Raxx · internal docs

internal · gated ↑ index

Postmark runbook

System: Postmark (email delivery for raxx.app) Owner: operator Last incident: 2026-05-13 (see docs/incidents/2026-05-13-postmark-bounce-alert-misfire.md) Last reviewed: 2026-05-13 UTC


Architecture

Postmark is the transactional email provider for raxx.app. Two parallel notification paths exist:

Path A — Postmark native notifications (currently active):

Email event (Bounce/SpamComplaint)
  -> Postmark internal notification engine
    -> Postmark dashboard: Server -> Settings -> Notifications -> Slack webhook
      -> TradeMasterAPI-Notify Slack channel

This path is active and has no minimum-denominator floor or dedup window.

Path B — Raptor in-process delivery monitor (currently dormant):

Postmark -> POST /webhooks/postmark/delivery (Raptor)
  -> postmark_delivery_events DB table
    -> _check_alert_thresholds() -> Slack DM (with 60-min suppression + min-denominator floor)

This path is dormant: FLAG_POSTMARK_DELIVERY_MONITOR=false, POSTMARK_SERVER_TOKEN is empty on raxx-api-prod. Blocked by CF Access on the webhook endpoint (issue #669).

Pre-launch posture: Path A produces per-event pings. Per feedback_pre_launch_digest_notifications.md, routine CI/cron Slack pings should be in a daily digest. Remove or reconfigure the Postmark Slack webhook when Path B (Raptor monitor) is enabled post-launch.


Vault and credentials

Secret Vault path Heroku config var
Server API token (transactional send) /MooseQuest/postmark/POSTMARK_SERVER_API_KEY POSTMARK_SERVER_TOKEN
Account API token (admin) /MooseQuest/postmark/POSTMARK_ACCOUNT_API_KEY not set on Heroku
Delivery webhook secret /MooseQuest/postmark/POSTMARK_DELIVERY_WEBHOOK_SECRET POSTMARK_DELIVERY_WEBHOOK_SECRET

Fetch the server token:

# From vault (if vault is accessible):
export POSTMARK_SERVER_TOKEN=$(python3 scripts/ops/postmark_bounce_check.py 2>/dev/null || echo "")
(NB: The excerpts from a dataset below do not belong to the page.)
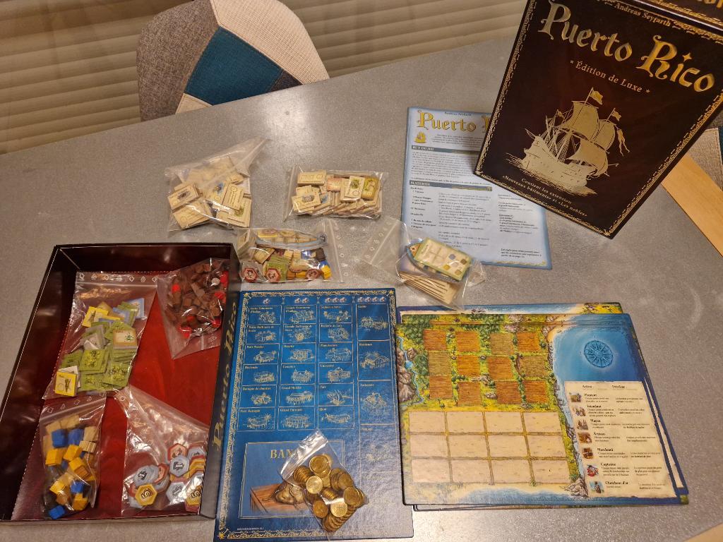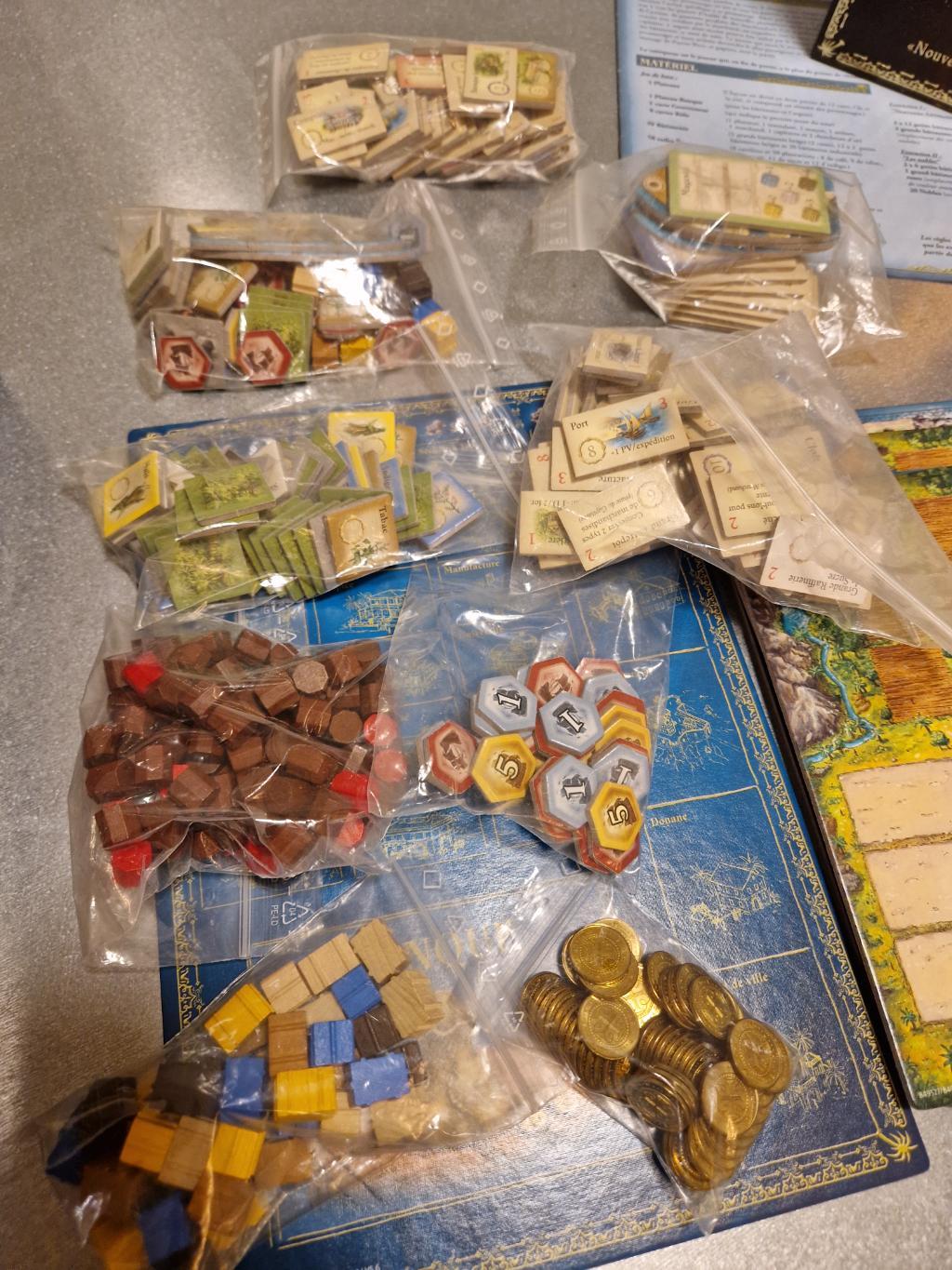 Jeu en VF de luxe, rare, complet et en parfait état : contient les extensions Nouveaux bâtiments + Les nobles + tous les composants deluxe (pièces en métal, carton épais, etc.)
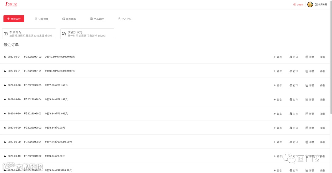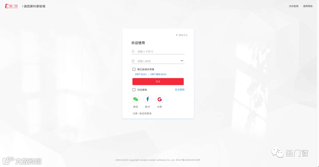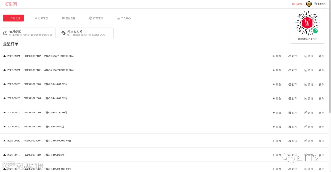 增加了小程序入口,鼠标悬停右上角的小程序按钮,显示画门窗小程序,手机微信扫码就可直达画门窗小程序。
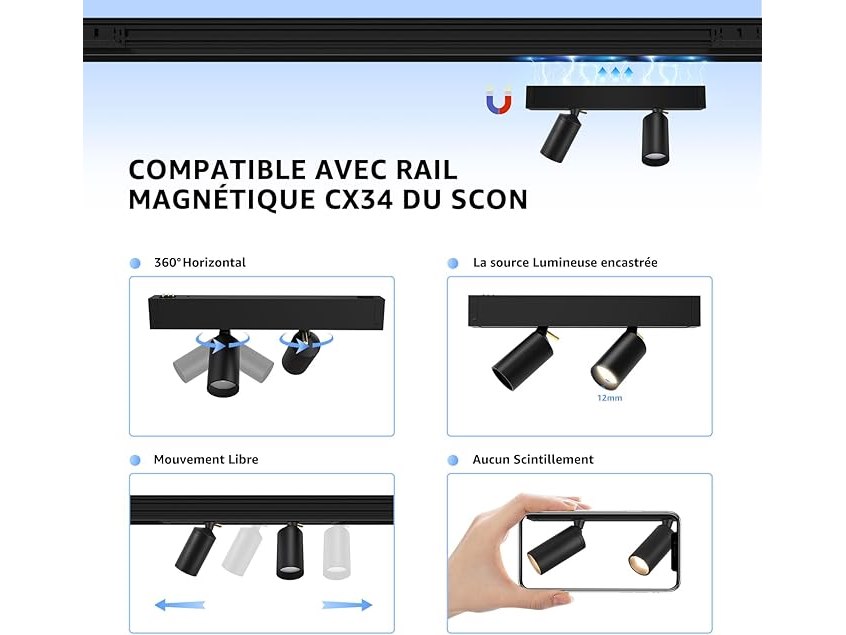Ongeopend, ok, SCON Led-spots, 2 × 5 W, 24 V, voor magneetrailverlichtingssysteem, zwarte dimbare of niet-dimbare lamp met ingebouwde CCT (3000 k/4000 k/5000 k/CRI 93/24°), B0CRKNCQ1V
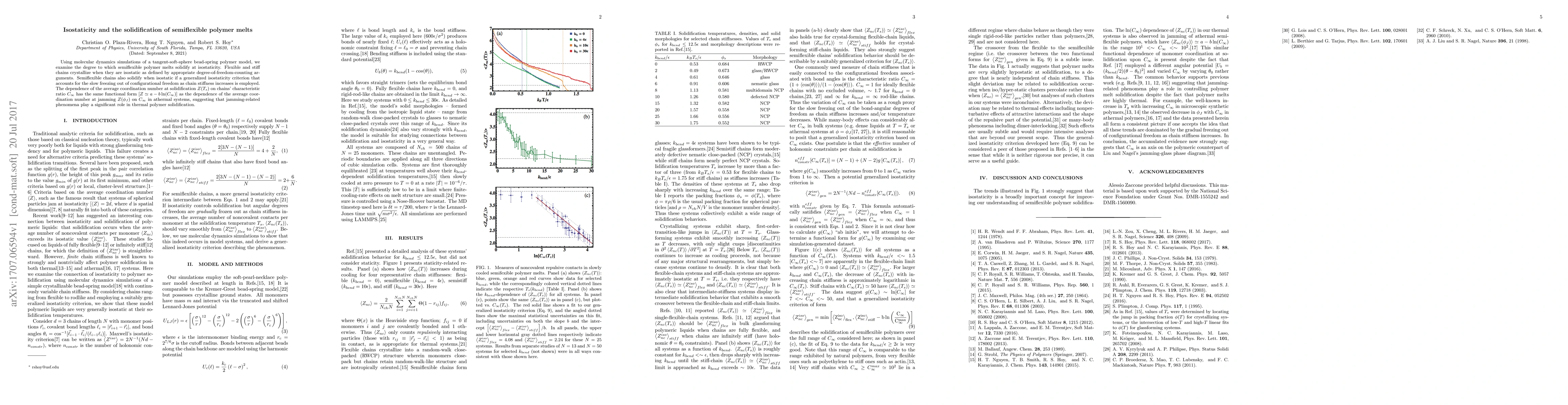Summary: Molecular dynamics simulations reveal that semiflexible polymer melts solidify at isostaticity, akin to flexible and stiff chains, under a generalized isostaticity criterion. The relationship between the average coordination number at solidification and polymer stiffness indicates that jamming-related phenomena significantly influence polymer solidification.
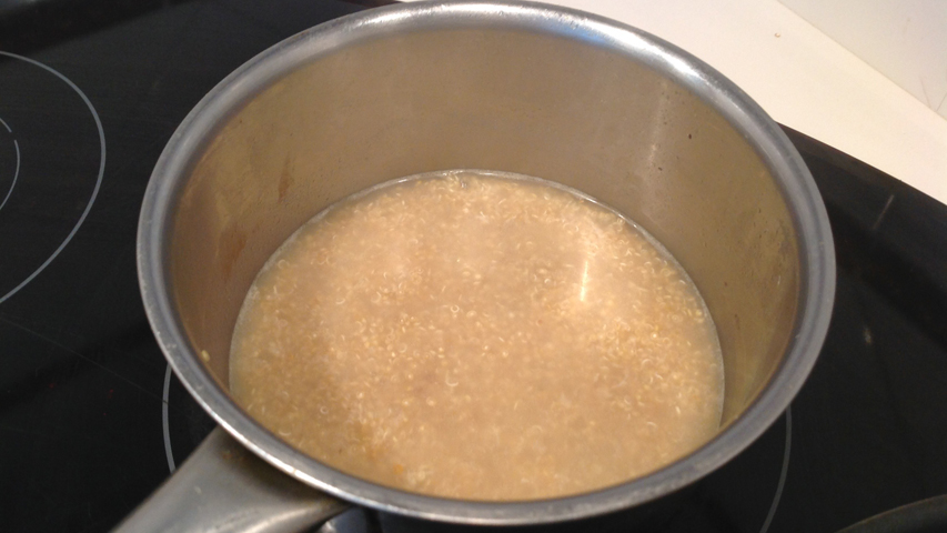 Pon el caldo de pescado en un cazo a fuego medio e introduce en él la quinoa. Deja cocer unos 15 minutos. Apaga el fuego y reserva tapado.

# Or directly from Heroku (currently empty — must set first):
heroku config --app raxx-api-prod | grep POSTMARK_SERVER_TOKEN

How to tell it's broken


How to diagnose (in order)

  1. Check Postmark dashboard — sign in at https://account.postmarkapp.com/ → select raxx.app server - Activity tab: filter by Bounced — any recent bounces? - Suppressions: any addresses stuck in the suppression list?

  2. Run diagnostic script: bash export POSTMARK_SERVER_TOKEN=<token-from-vault> python3 scripts/ops/postmark_bounce_check.py

  3. Check Raptor delivery monitor status (post-launch, when enabled): bash curl -H "CF-Access-Client-Id: $CF_ACCESS_CLIENT_ID" \ -H "CF-Access-Client-Secret: $CF_ACCESS_CLIENT_SECRET" \ "https://api.raxx.app/api/_internal/postmark/recent-deliveries"

  4. Check alert path: the Postmark Slack webhook is configured in Postmark dashboard → Server → Settings → Notifications. If alerts are reaching Slack but the Raptor monitor shows nothing, Path A (Postmark native) is the source.

  5. Check DNS authentication: bash dig TXT _dmarc.raxx.app dig TXT pm._domainkey.raxx.app dig TXT google._domainkey.raxx.app # All should return records


Known failure modes

Failure mode A: Low-denominator alert misfire (pre-launch / low-volume)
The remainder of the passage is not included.